Task statement: All that is needed is an exact copy of the lines from the beginning of the data below through the line containing "⑤居酒屋大吉 讃岐名物大吉コース 電話:0877-75-1000(琴参閣代表番号)", minus the pictures.

--- Supplied information Enclosed Below ---

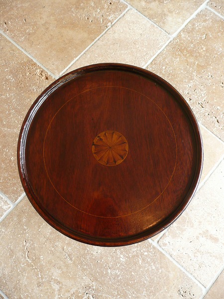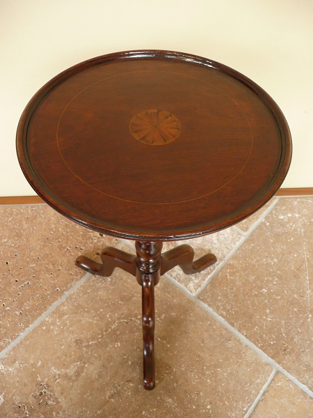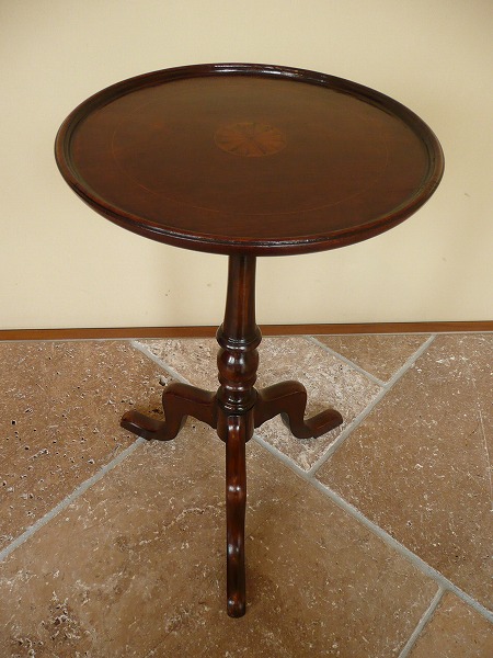朧月を重ねて深みを増したマホガニー材特有の高級感が漂います。トップに職人技術が活かされたクラシカルなマーケットリー(木象嵌)、脚部のトリポット(一柱式三脚)が際立ちます。
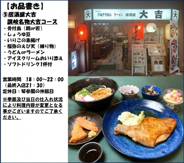 ⑤居酒屋大吉 讃岐名物大吉コース 電話:0877-75-1000(琴参閣代表番号)
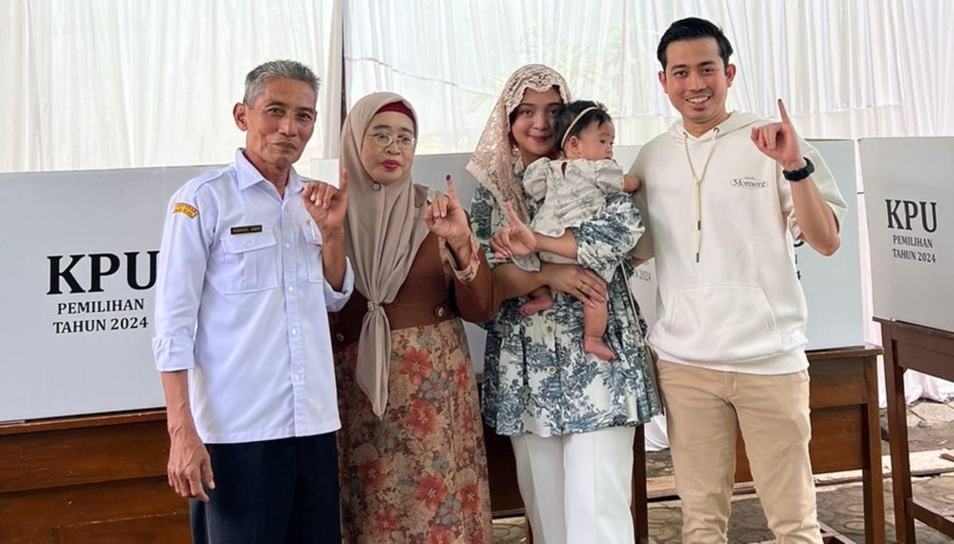 Jadug menyalurkan hak pilihnya di Tempat Pemungutan Suara (TPS) 03, Desa Kaliombo, Kecamatan Pecangaan, ditemani istri dan kedua orangtuanya.
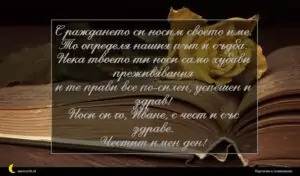 януари 1, 2021 Ивановден Пожелание за Ивановден 47 С раждането си носим своето име. То определя нашия път и съдба. Нека твоето ти носи само хубави преживявания и те прави все по-силен, успешен и здрав! Носи си го, Иване, с чест и със здраве. Честит имен ден!
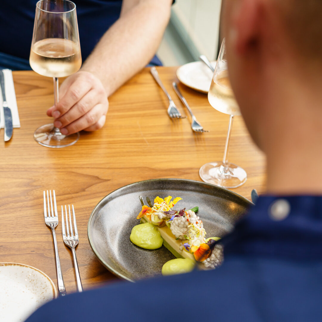 De focus van ons menu ligt op de groenten: biologisch, seizoensgebonden en vers uit eigen Hoftuin. Dagelijks komt de oogst met de bakfiets naar de keuken, waar onze chefs en chefs-to-be zich laten inspireren door wat de tuin biedt en geven hun eigen creatieve draai aan de gerechten. Vlees, vis en zuivel kiezen we bewust: verantwoord, zo lokaal mogelijk en altijd met oog voor duurzaamheid. En dit proef je.

--- End of Enclosed Supplied information ---

Final answer:
朧月を重ねて深みを増したマホガニー材特有の高級感が漂います。トップに職人技術が活かされたクラシカルなマーケットリー(木象嵌)、脚部のトリポット(一柱式三脚)が際立ちます。
 ⑤居酒屋大吉 讃岐名物大吉コース 電話:0877-75-1000(琴参閣代表番号)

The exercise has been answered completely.